# Mainframe jobs in Germany



## mariappan2k4

Hi Folks,

I have got german job seeker visa a week back. I am having 8+ years of Information Technology(Mainframe) experience and knowing german(B1) at some extent. 

I have applied jobs in below portal. I get rejection emails most of the times.I thought my resume is the problem. I converted it to german format . Though i get rejection email.

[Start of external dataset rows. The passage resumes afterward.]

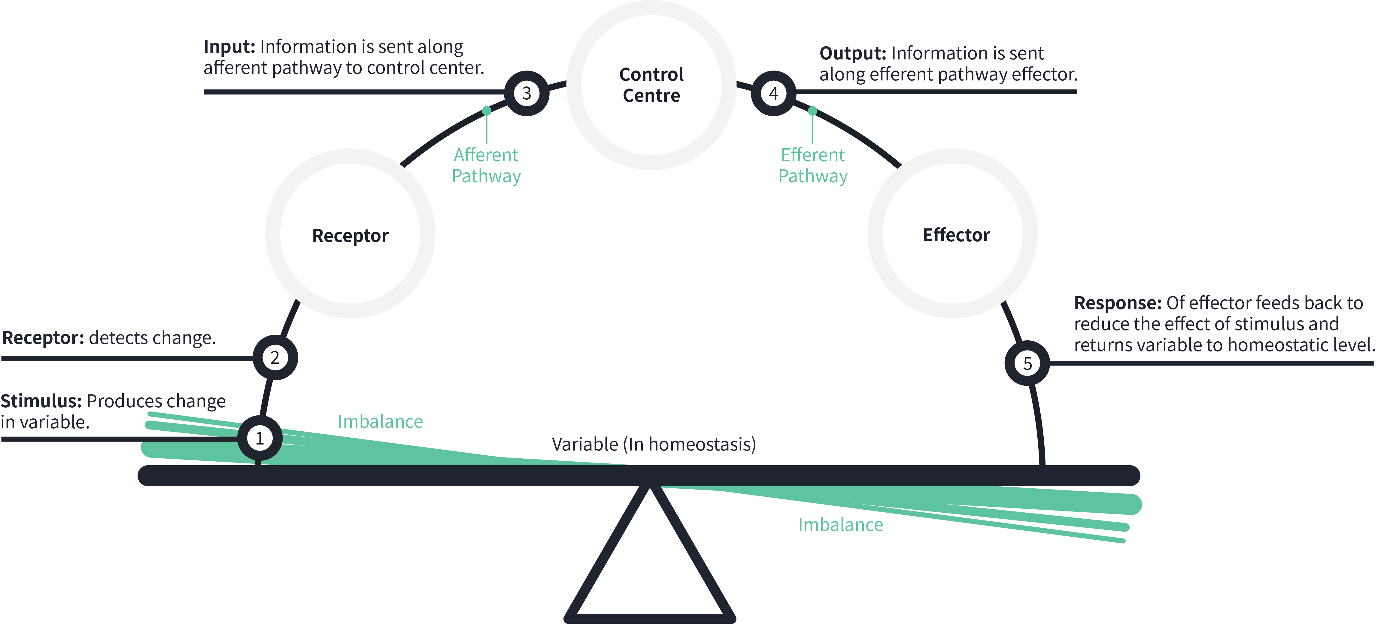 Let‘s take a look at these different components. First the Receptor. The receptor is responsible for responding to changes in the environment. We refer to these environmental changes as stimuli. The receptor responds by sending the information to the control center along what we call the afferent pathway. The control center is responsible for determining a set point. It analyzes the information and determines an appropriate response. This response to the stimulus is sent along an efferent pathway to the effector. The effector response by reducing the effect of the stimulus and helping return the system to homeostasis.
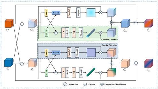 The weighted refined complementary features are acquired using CA and SA, respectively. For , average pooling (AVGP) and max pooling (MAXP) operations are first performed on the spatial locations, and then the resulting features are concatenated along the channel dimension. The spatial weight map is generated after dimensionality reduction using 5 × 5 convolution operation and activation via the Sigmoid function. Lastly, the refined complementary feature with spatial location weights is derived by multiplying it with the input feature . The computational process is represented as
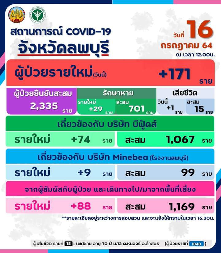 ล่าสุด ทางด้าน ศูนย์ปฏิบัติการตอบโต้ภาวะฉุกเฉิน สำนักงานสาธารณสุขจังหวัดลพบุรี ได้รายงานสถานการณ์ การระบาดของโรคติดเชื้อไวรัสโคโรนา 2019 (โควิด-19) จังหวัดลพบุรี (ระลอกการระบาดเดือนเมษายน) ประจำวันนี้ (16 กรกฎาคม 2564) จังหวัดลพบุรีพบผู้ป่วยเพิ่ม 171ราย เป็นผู้ที่เกี่ยวข้องกับ บริษัท บีฟู้ดส์ฯ จำนวน 74 ราย (สะสม 1,067ราย) เกี่ยวข้องกับบริษัทมินิแบ (โรงงานลพบุรี) จำนวน +9 ราย (สะสม 99 ราย) และเป็นผู้สัมผัสกับผู้ป่วยและเดินทางไป/มาจากพื้นที่เสี่ยงสูง จำนวน +88 ราย (สะสม 1,169ราย) โดยมีจำนวนผู้ป่วยสะสม 2164 ราย รักษาหายแล้ว 701ราย วันนี้มีรายงานผู้เสียชีวิตเพิ่ม +1 รายใหม่ รายที่ 15เป็นเพศชายอายุ 70 ปี หมู่ 13 ตำบลหนองรี อำเภอลำสนธิ ของจังหวัดลพบุรี./
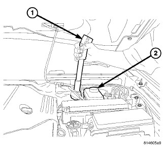 3. Remove the left inner fender well (2) to gain access to the intermediate shaft.
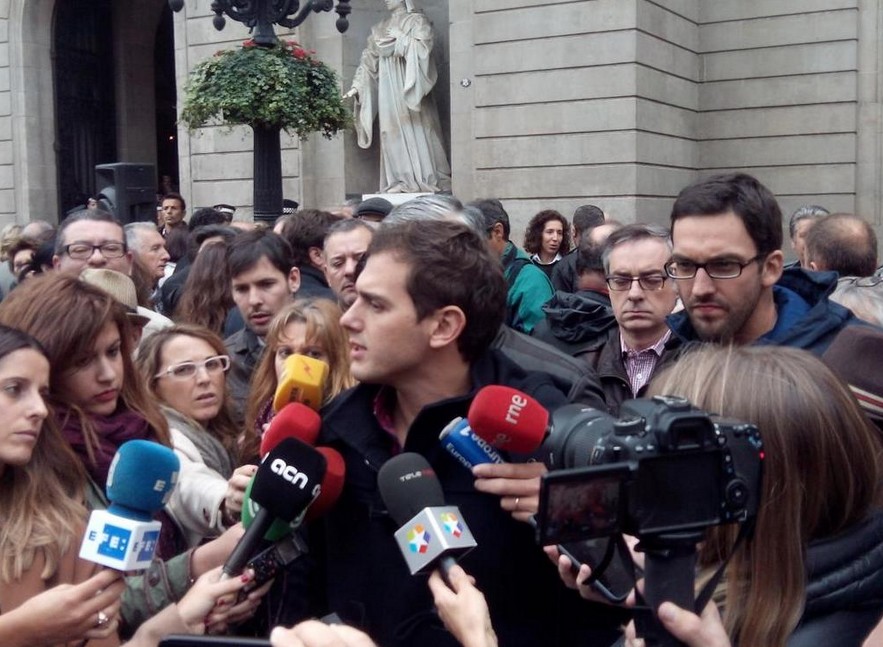 Albert Rivera atiende a los medios tras el acto de Libres e Iguales en Barcelona
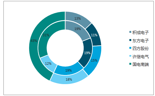 20162017年國(guó)電南瑞在主站系統(tǒng)市占率圖
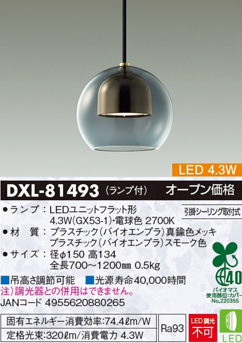 DXL-81493 LEDペンダントライト(ランプ付) 真鍮色メッキ・スモーク色 スペック情報
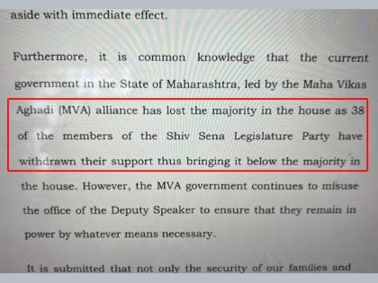 शिवसेनेकडून बंडखोरांवरील कारवाईसाठी विधानसभा अध्यक्षांकडे करण्यात आलेली तक्रार, अपात्रतेसाठी १६ आमदारांना आलेल्या नोटिसा याविरोधात शिंदे गटाने सुप्रिम कोर्टात याचिका दाखल केली होती. त्यानंतर या याचिकेमध्ये शिंदे गटाने आपल्याला शिवसेनेच्या ३८ हून अधिक आमदारांचा पाठिंबा असल्याचे म्हटले आहे. तसेच आपण सरकारचा पाठिंबा काढून घेत असल्याचे याचिकेत म्हटले आहे. शिंदे गटाकडे शिवसेनेच्या ३९ आणि इतर १२ अशा ५१ आमदारांचा पाठिंबा आहे.

Can any one give me an advice or suggestions on how to get the mainframe jobs in germany? 

STEPSTONE.DE
MONSTER.DE
JOBBORSE.ARBEITSAGENTURE.DE

Regards,Mari


----------



## vronchen

mariappan2k4 said:


> Hi Folks,
> 
> I have got german job seeker visa a week back. I am having 8+ years of Information Technology(Mainframe) experience and knowing german(B1) at some extent.
> 
> I have applied jobs in below portal. I get rejection emails most of the times.I thought my resume is the problem. I converted it to german format . Though i get rejection email.
> 
> Can any one give me an advice or suggestions on how to get the mainframe jobs in germany?
> 
> STEPSTONE.DE
> MONSTER.DE
> JOBBORSE.ARBEITSAGENTURE.DE
> 
> Regards,Mari


Are you also sending a cover letter and copies of all your diplomas + references for all of your jobs on your resume?

Sounds like you are applying only for a few weeks. Getting a job takes time.


----------



## mariappan2k4

Thanks for your reply.Yes. I am applying with cover letter(in deutsch) and all my degree certificate. I am apply for past 3 weeks.I get rejections all the times. Is it good to go for Y-axis as they do offer resume marketing and stuff.? I am also afraid,that after paying hefty money to them and do not get any calls, then it will be waste of time and money.


----------



## ismzsam

*Mainframe query*

Hi friend.....

Even I have applied for job seeker visa for germany. I have 6.5 years of mainframe experience. Presently I am working in Singapore. Same concern as yours, Whether to approach Y axis, for job assistance in Germany. 

I have A2 level of knowledge in German. I want to know the trend for foreigners to get mainframe jobs in Germany. Please let me know whether its possible to get mainframe job in present market.


----------